In short, high and stable economic growth has positive impacts on the stock market of a country. Thus, countries with high GDP also have stable and vibrant stock markets. This has happened in Malaysia from the year 2001 to the present time.

Palm Oil Futures and the Malaysian Stock Exchange

It is important to understand the significance of the palm oil market in the Malaysian Stock Exchange. Since the 1980s, the Malaysian Stock Exchange has been the world’s largest trading hub for palm oil futures. Today, Bursa Malaysia has introduced an electronic platform for trading in the crude palm oil market. The FCPO is the world’s benchmark for palm oil futures (FactualWorld, 2014). Over the years, the Bursa Malaysia management team has strived to improve the Malaysian palm oil trading platform to enhance its position as the world’s leader in the palm oil market. While Malaysian FCPO remains the global pricing standard for crude palm oil, the team introduced OCPO as an extension of the FCPO. It shows the highly developed Malaysian derivatives market. The FCPO is a form of a contract that helps traders to manage risks in hedging activities.

However, external factors also influence trading in palm oil. For instance, Afonso and Poole (2013) noted that during the past election, the palm oil stocks and ringgit fell. In other words, during elections, investors may “avoid holding ringgit-denominated assets for fear of political risks” (Afonso and Poole, 2013). In some cases, traders have cut their projections and average selling prices because they claim that crude palm oil may experience a gradual price appreciation and poor growth in inventory alongside other uncertain issues in the global economy. Other factors related to Ramadan might also result in increased export of palm oil. However, the market volatility occasioned by unbalanced developments in the global economy, palm oil stock, bird flu in China, and the clean energy policy implementation has continued to influence market forecasts and pricing strategies.

However, many investors believe that the Malaysian Stock Exchange provides better opportunities for trading due to readily available information regarding the market and improved insights on the global crude palm oil activities.


A stock exchange has a fundamental role in the economic development of any given state. A vibrant stock market shows a country’s economic development. The Malaysian Stock Exchange is among the world’s active stock exchanges. Moreover, Bursa Malaysia’s position as a trading platform in an emerging economy makes it interesting to both investors and academics alike.

Between 1997 and 2014, the Malaysian Stock Exchange has experienced growth coupled with market volatility. Such growth patterns correlate with the growth in the country’s GDP. The Malaysian Stock Exchange has defined and set a benchmark in the world’s crude palm oil market for many years.
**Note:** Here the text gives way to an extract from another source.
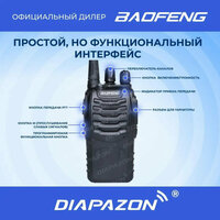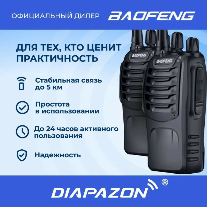 CTCSS, DCS, FM-радиоприемник, аккумуляторы, выбор уровня шумоподавления, гарнитура, голосовая активация через гарнитуру (VOX), зарядное устройство, звук при нажатии кнопок, клипса, переключение мощности передатчика, подключение гарнитуры, программирование с компьютера, регулировка громкости, ремешок, сигнал окончания передачи (Roger Beep), сканирование каналов, таймер разговора, функция "нажми и говори" (PTT), шумоподавление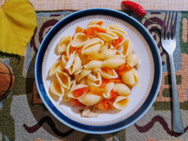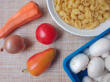 У меня были свежие шампиньоны - их и взяла. Готовила по рецепту. Сначала обжаривала овощи, а уж потом добавляла макароны.

In some instances, it has become difficult to predict future activities of the stock market. This study shows that government monetary policies, political activities and sentiments, and other external factors, such as the global financial crisis have major impacts on stock exchange trading patterns. Therefore, it is imperative for governments to understand how policies and other factors affect stock markets.


Afonso, S., and Poole, J. (2013). Palm Oil Declines as Malaysian Stocks, Ringgit Drop on Elections. Bloomberg. Web.

Cheong, C. W. (2008). A Sectoral Efficiency Analysis of Malaysian Stock Exchange Under Structural Break. American Journal of Applied Sciences, 5(10), 1291-1295.

FactualWorld. (2014). Bursa Malaysia. Web.

Trading Economics. (2013). Malaysia Stock Market (FTSE KLCI). Web.